* [Task material]

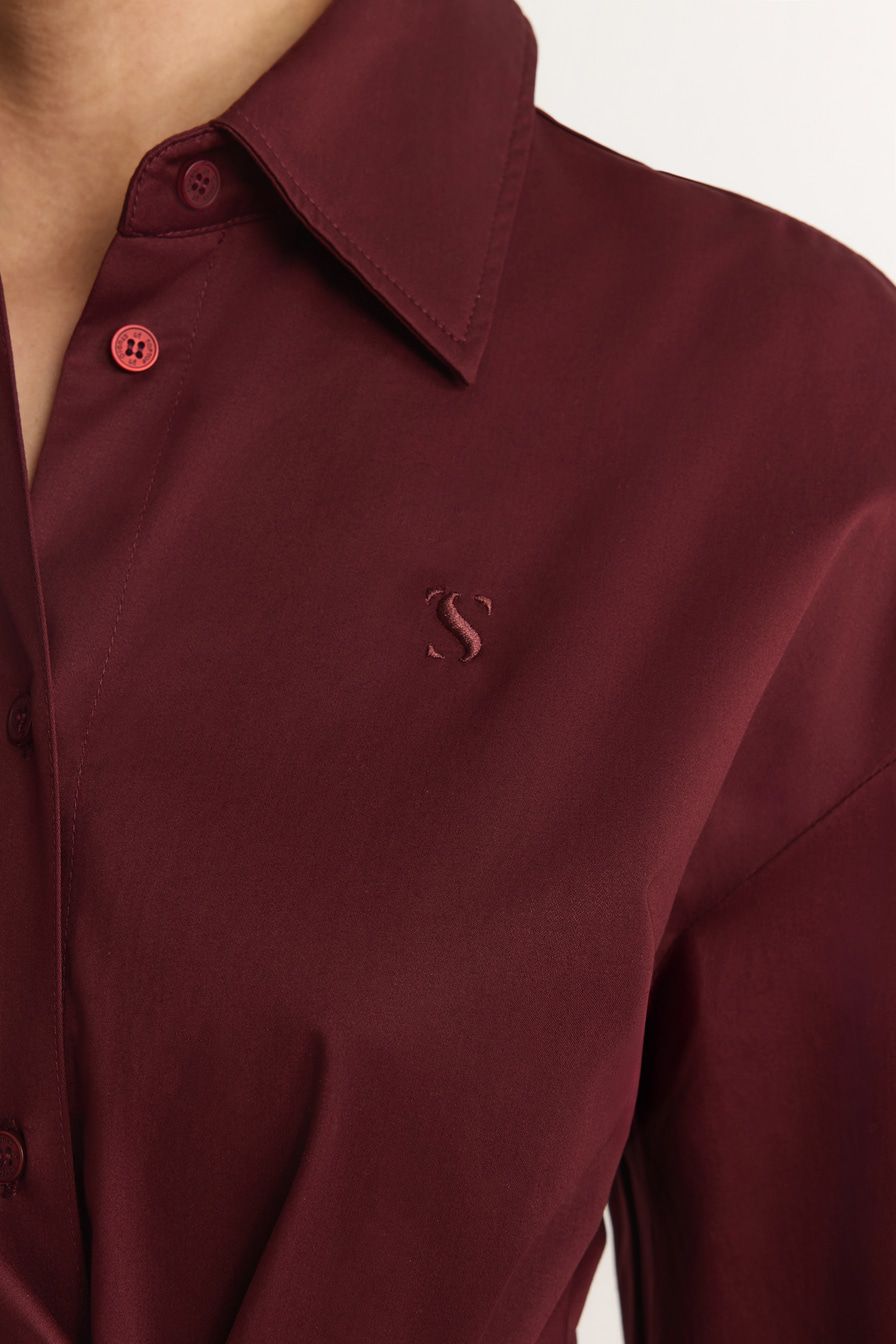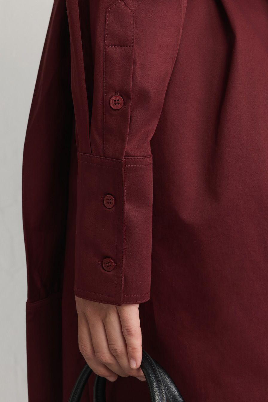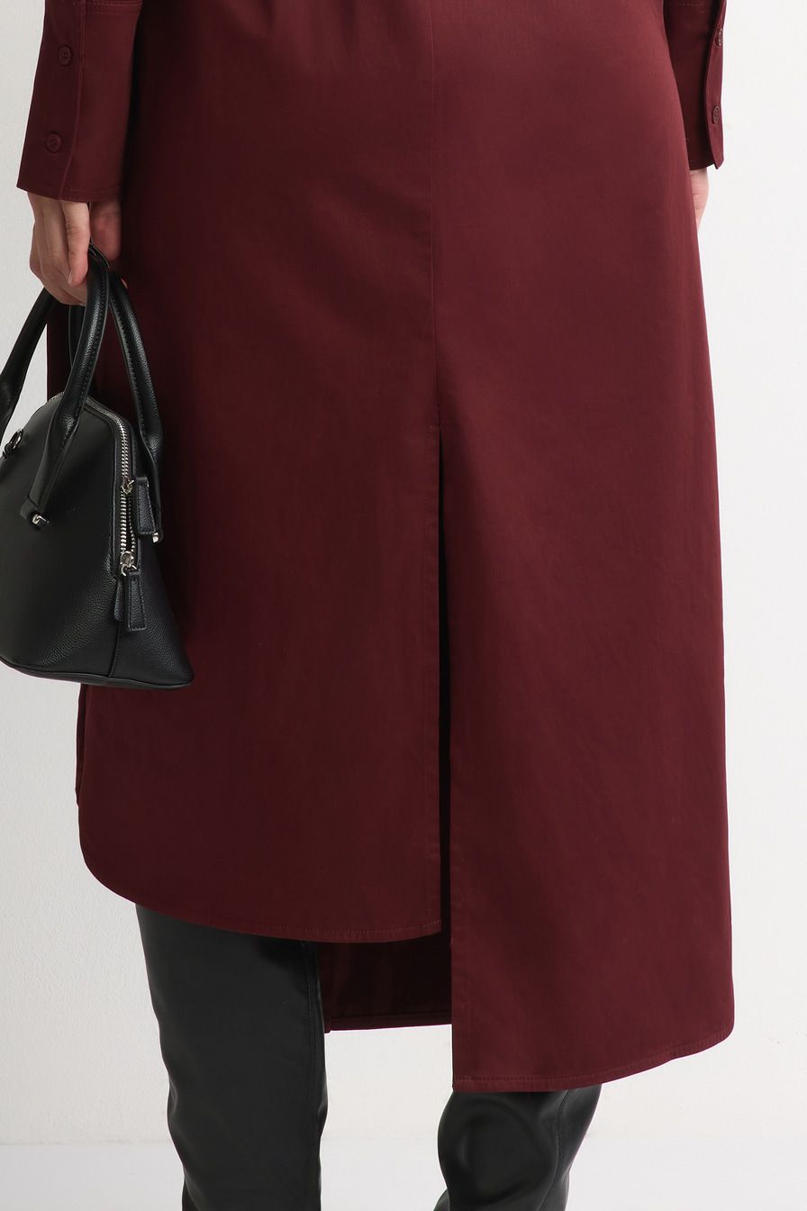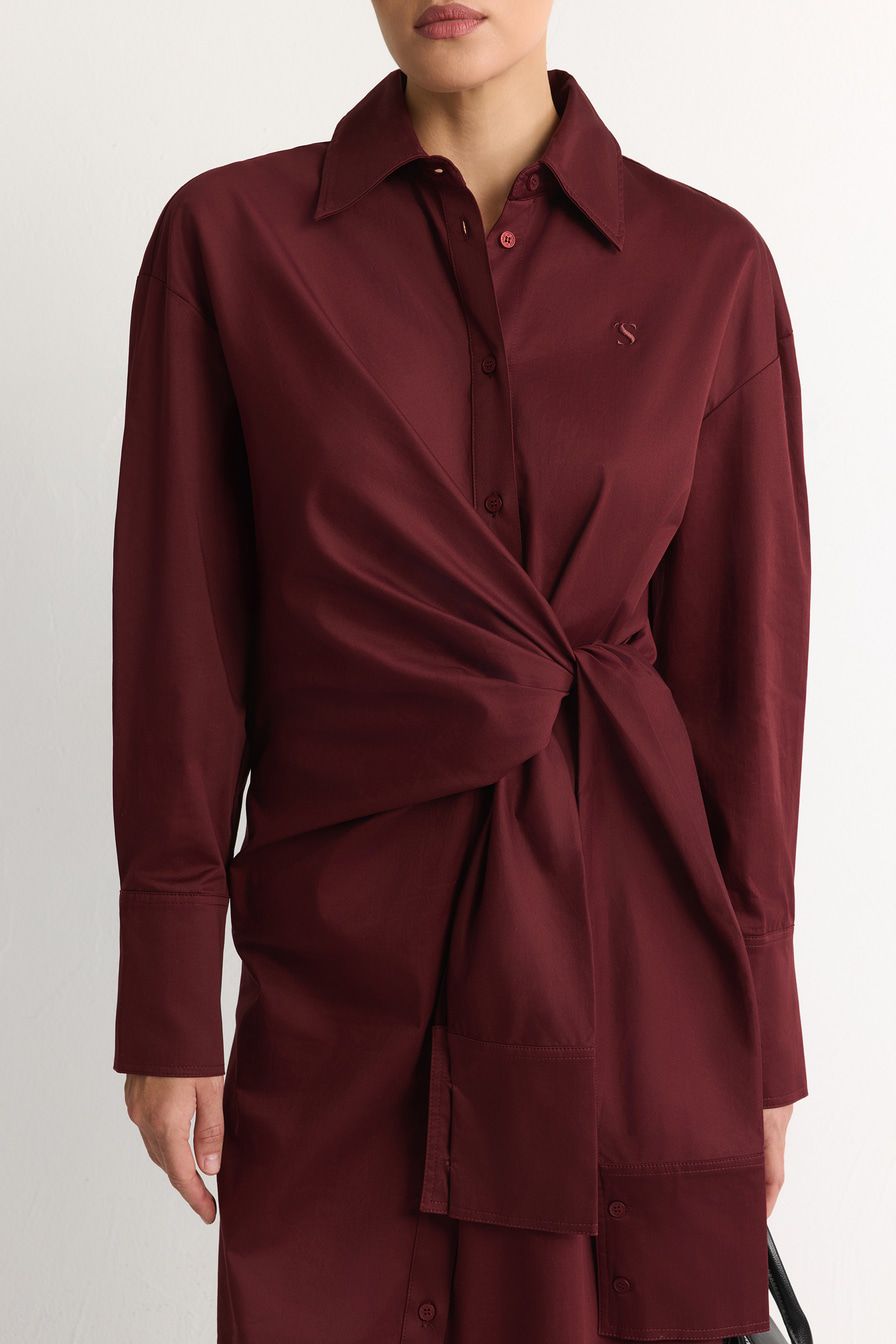 Бордовое платье-рубашка из смесового хлопка – модель свободного асимметричного кроя. Платье дополнено декоративными рукавами, которые завязываются на талии.
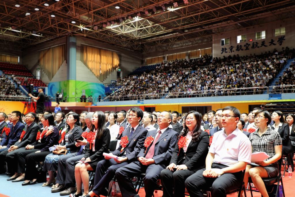 北航新闻网6月29日电(记者 孙也程 宋超韩思愉 孙赫 王震)6月29日下午,我校纪念中国共产党成立97周年暨表彰大会在体育馆隆重召开。全体在校校领导,党群部门负责人、各分党委(党总支、直属党支部)书记,全校党支部书记,学生辅导员,受表彰的先进基层党组织代表、优秀共产党员和优秀党务工作者,教职工党员代表,学生党员代表,离退休党员代表等2600余人出席了大会。会议由党委副书记程基伟主持。
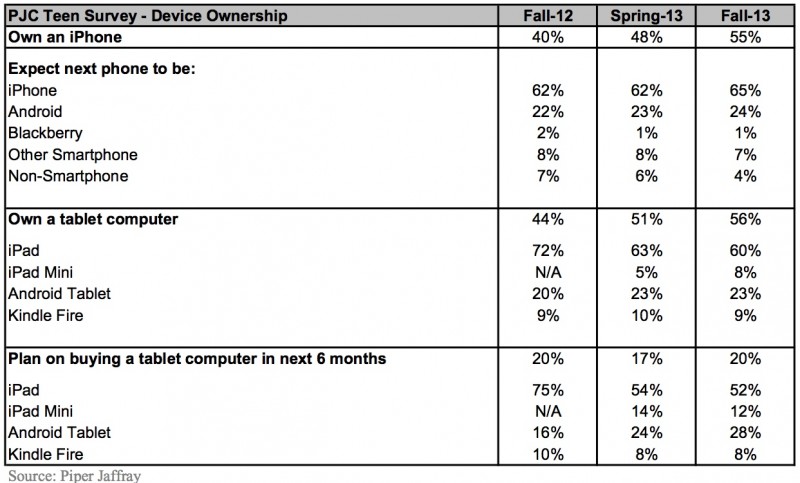 Sia iPhone che iPad continuano a rimanere piuttosto popolari tra i teenagers americani. Questo è emerso da una ricerca condotta dall’analista di Piper Jaffray, Gene Munster. Il 55% dei ragazzi possiede un iPhone, contro il 48% di Aprile e il 40% dell’anno scorso. Apple quindi ha una trend in crescita nel mondo dei giovani americani e questo potrebbe segnare preferenze di consumo anche in futuro.
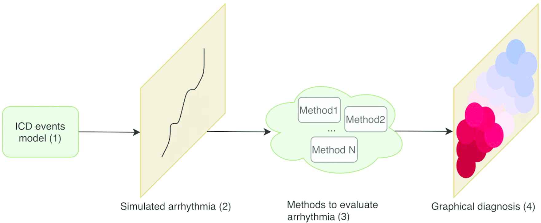The generated data is used for training different methods(3) to evaluate intracardiac records. Among these methods, further research is done to obtain a time series classifier based on adversarial training.
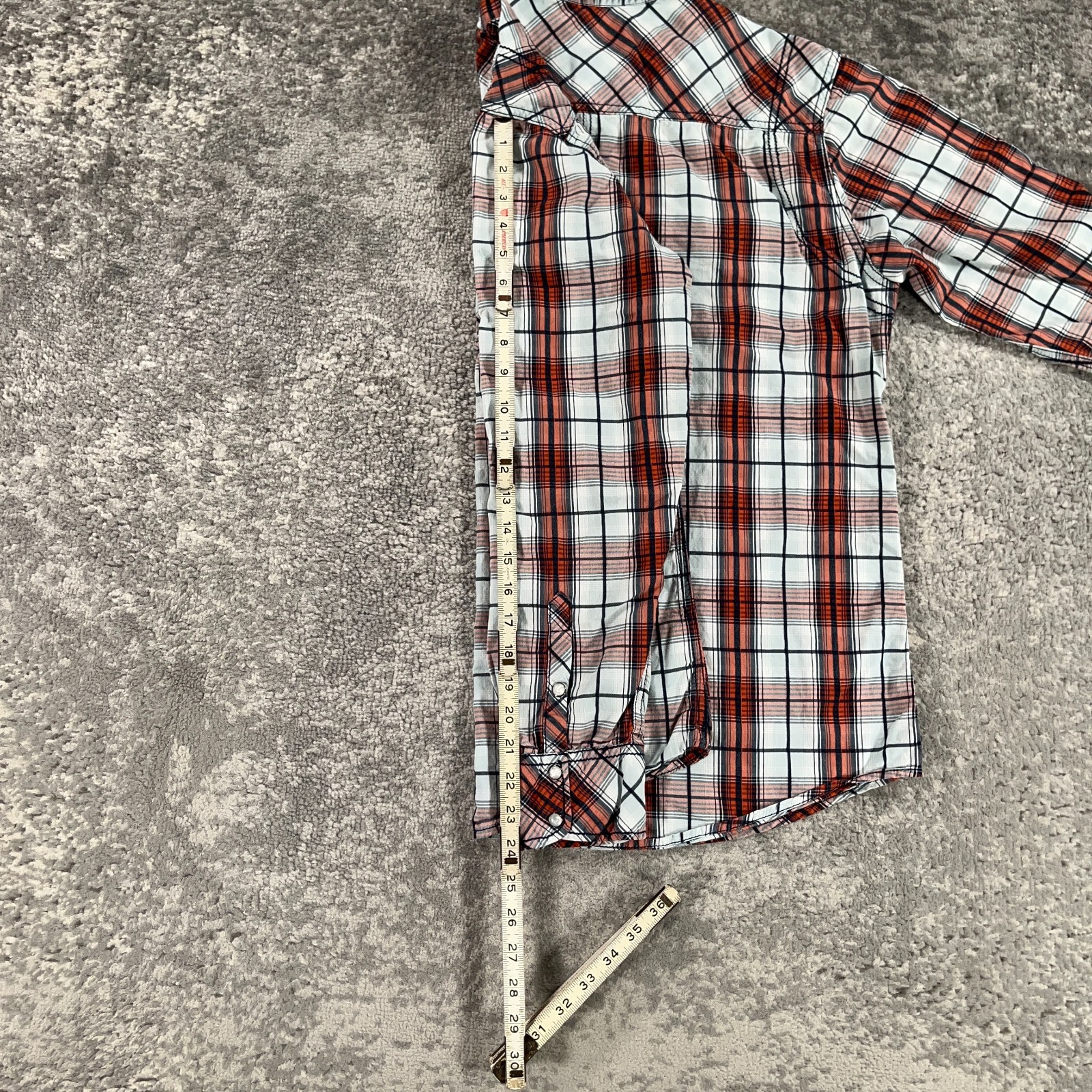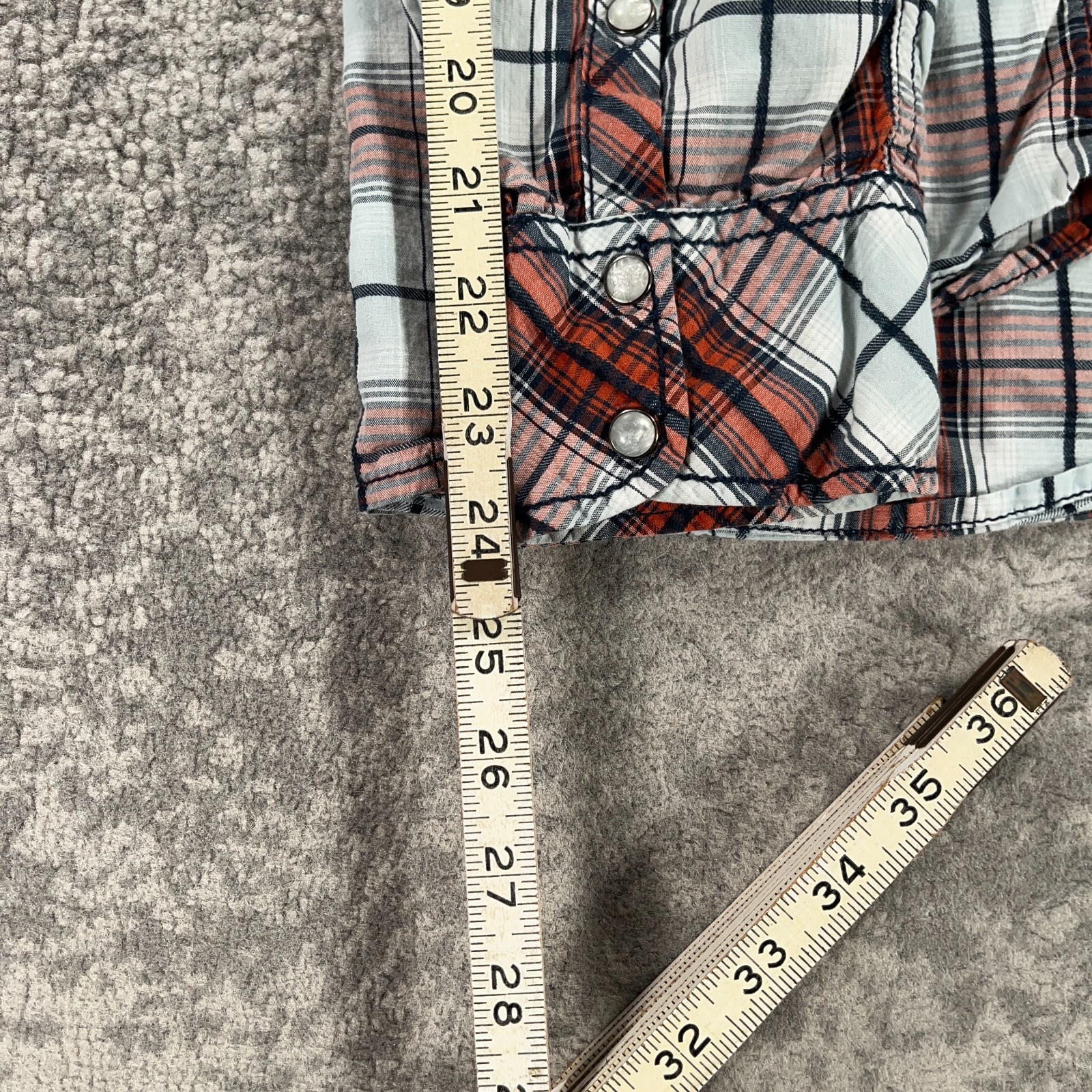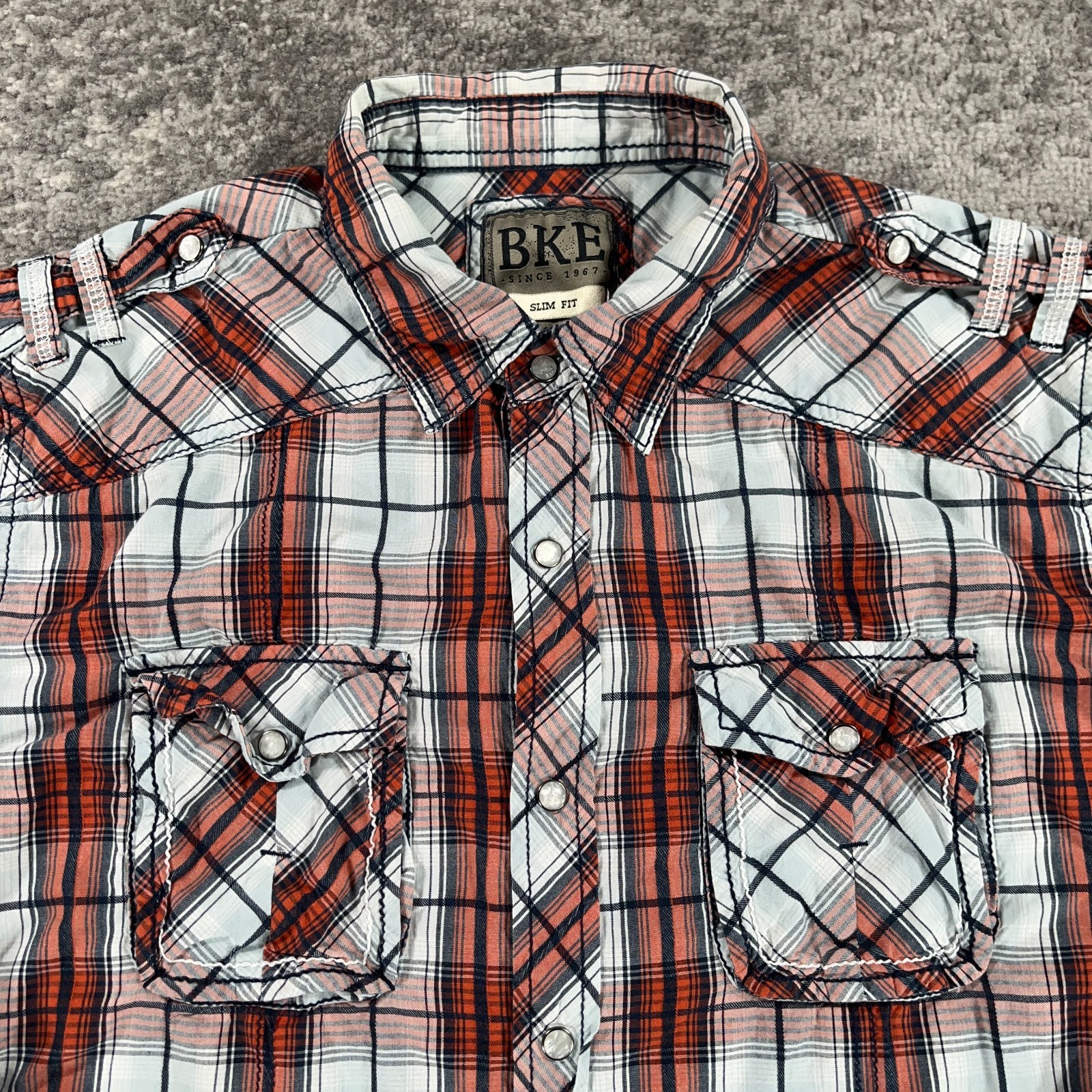 как выглядит Buckle BKE Western Shirt Mens Large Slim Fit Blue Orange Plaid Pearl Snap Cowboy фото
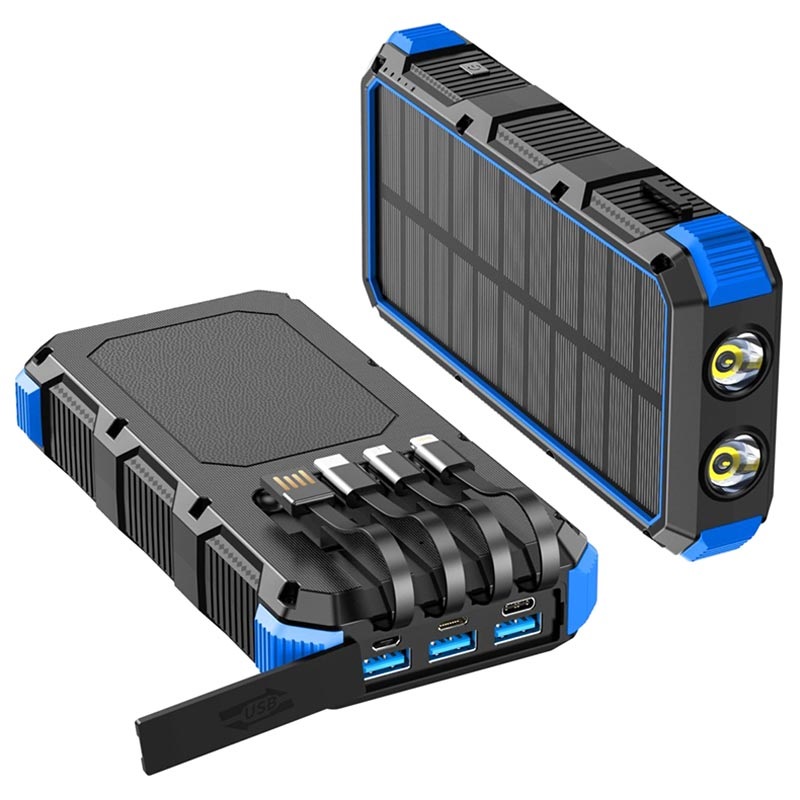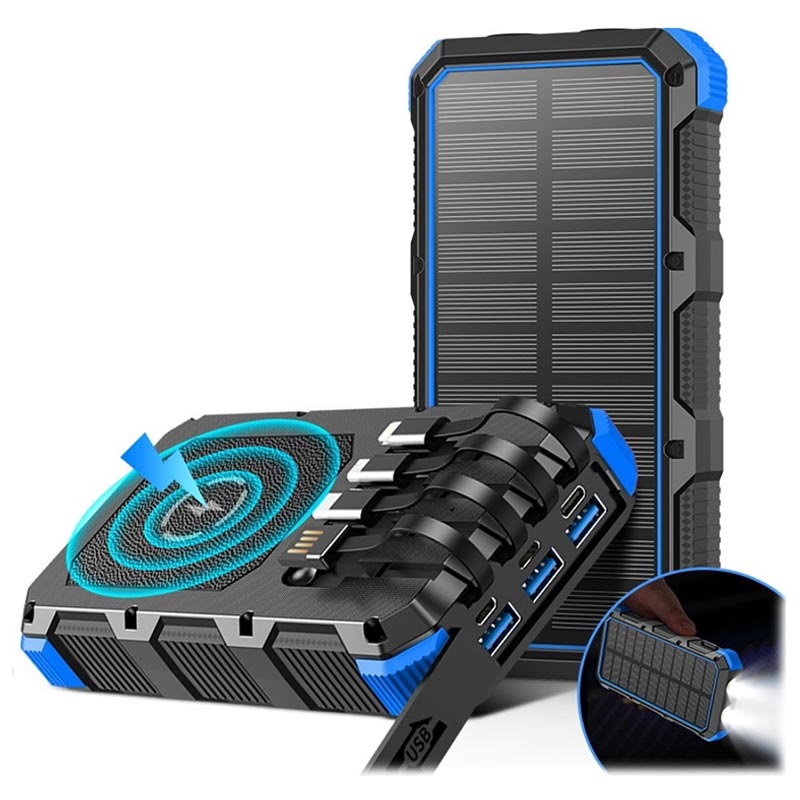 • Psooo M2 Wireless Solar Power Bank s vestavěným bleskem, USB-C, USB-A a MicroUSB kabelem-20000MAH

* [Exercise] The records above must be printed exactly; the pictures stay out.

* [Output for this task]
 Бордовое платье-рубашка из смесового хлопка – модель свободного асимметричного кроя. Платье дополнено декоративными рукавами, которые завязываются на талии.
 北航新闻网6月29日电(记者 孙也程 宋超韩思愉 孙赫 王震)6月29日下午,我校纪念中国共产党成立97周年暨表彰大会在体育馆隆重召开。全体在校校领导,党群部门负责人、各分党委(党总支、直属党支部)书记,全校党支部书记,学生辅导员,受表彰的先进基层党组织代表、优秀共产党员和优秀党务工作者,教职工党员代表,学生党员代表,离退休党员代表等2600余人出席了大会。会议由党委副书记程基伟主持。
 Sia iPhone che iPad continuano a rimanere piuttosto popolari tra i teenagers americani. Questo è emerso da una ricerca condotta dall’analista di Piper Jaffray, Gene Munster. Il 55% dei ragazzi possiede un iPhone, contro il 48% di Aprile e il 40% dell’anno scorso. Apple quindi ha una trend in crescita nel mondo dei giovani americani e questo potrebbe segnare preferenze di consumo anche in futuro.
The generated data is used for training different methods(3) to evaluate intracardiac records. Among these methods, further research is done to obtain a time series classifier based on adversarial training.
 как выглядит Buckle BKE Western Shirt Mens Large Slim Fit Blue Orange Plaid Pearl Snap Cowboy фото
 • Psooo M2 Wireless Solar Power Bank s vestavěným bleskem, USB-C, USB-A a MicroUSB kabelem-20000MAH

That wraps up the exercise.